In 1952, the chronic overcrowding and lack of space was noted as an issue, particularly in the obstetrics department. In 1953, new federal grants brought funds to ameliorate this issue and the paediatrics department was expanded. 1954 was a busy year for the Hospital, it was granted accreditation by the Joint Commission on Hospital Accreditation and a committee was formed to discuss financing a major expansion. At this time, the X-Ray Department was expanded and upgraded substantially and was promoted as the most advanced in Canada which more than doubled patient capacity. The major expansion of the Hospital was to limit the beds to a 150 bed increase. "Scheme D" was chosen as the preferred option by the Sisters of the Hospital administration which would build a new seven floor vertical structure north of the Hospital connected via tunnel owing to lack of space around the original building. The final plans called for a nine storey building and 150 beds to be built. Such an expansion required sufficient funds which were to be granted from the federal and provincial governments with the Hospital needing to raise funds as well.

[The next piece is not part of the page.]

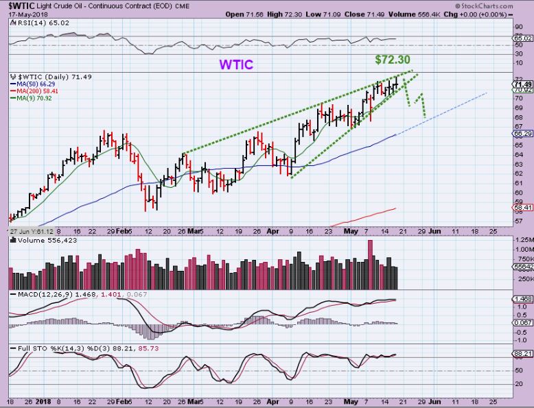 WTIC – Oil did hit $72 and that rising wedge has price right at the Apex. I personally expect a dip to a dcl, and then ANOTHER run to new highs, and $74 has been a 2nd target of mine.
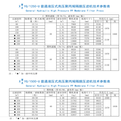 压滤机规格参数表3

To this end, General was added to the name in 1959 to combat the perception that the Hospital was only for Roman Catholics. The fundraising campaign began 31 October 1959 intending to raise 1.1 million dollars. The expansion between 1959 and 1962 saw the hospital grow from 123 beds to 354. The expansion of the hospital in 1960 added a new 10-storey tower where most of the existing hospital was replaced with the new expansion. The remaining part of the building now houses the administrative offices. This part of the building used to be the nurses’ residence. The expanded facility included an emergency department and an intensive care unit.

===Modern history===

The nursing school was closed, with training moved to Conestoga College. In 1989, activities at St. Mary's were coordinated with those at the Grand River Hospital, and St. Mary's began to specialize in adult care. In 2003, the Regional Cardiac Care Centre (RCCC) at St. Mary's General Hospital was opened. This centre provides care to more than 1.4 million individuals annually. St. Mary’s hospital is considered to be the leader in national safety measures. This brings true to their vision to be the safest and most effective hospital in Canada. They have twice earned a top score in the report and are one of the three centres in Canada performing better than the national average.

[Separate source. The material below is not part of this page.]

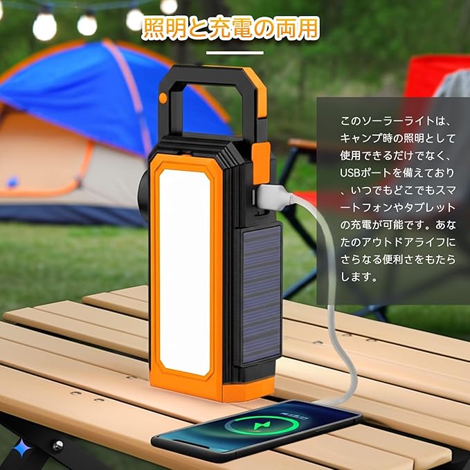 【2025新型】ソーラー ランタン LED ランタン キャンプランタン USB充電式 スマートフォン充電可能 小型無階調光 6種類のライトモード IPX4防水ソーラーライトキャンプ用品 ぶら下げ 折りたたみ式 防災停電節電対策 超高輝度 日本語取扱説明書付き

A seven-year expansion project was announced in 2020, projected to cost a total of $13 million and that funding would be coming from both the government and donors. The hope with the expansion is that the hospital can perform ablation procedures which study the rhythm of the heart. Patients will no longer have to travel to London, Hamilton, or Toronto to have the procedure performed. On April 1, 2025, Grand River Hospital merged with St. Mary's to form the Waterloo Regional Health Network.

==Hospital leadership==

In October 2018, Dr. Andrew Falconer was named president of St. Mary's and St. Joseph’s Health System. With a staff of 1,300; this role was to commence in February 2019. Previously, Dr. Falconer was a vice president and chief of staff at Queensway Carleton Hospital in Ottawa after replacing Don Shilton, who had retired in June 2018. In May 2019, however, the hospital announced that Dr. Falconer would returning to Queensway Carleton as President and Chief Executive Officer, requiring a search for a new president of St. Mary's. January 6, 2020, Lee Fairclough became president of St. Mary's General Hospital stepping down in 2022. In February 2023, Mark Fam was appointed to this position by the St. Mary’s board of trustees after a national search for a new president and remains the current president.

==St. Mary's Hospital Foundation==

The St. Mary’s General Hospital Foundation is a non-profit organization that helps to provide funding for the hospital so it can provide equipment and programs for the patients. Around $5 million in donations from donors is expected to be given to the foundation every year as government funding does not cover all of the costs for replacement and enhancement of equipment. Over the past 10 years, over $50 million has been donated to the hospital through the foundation.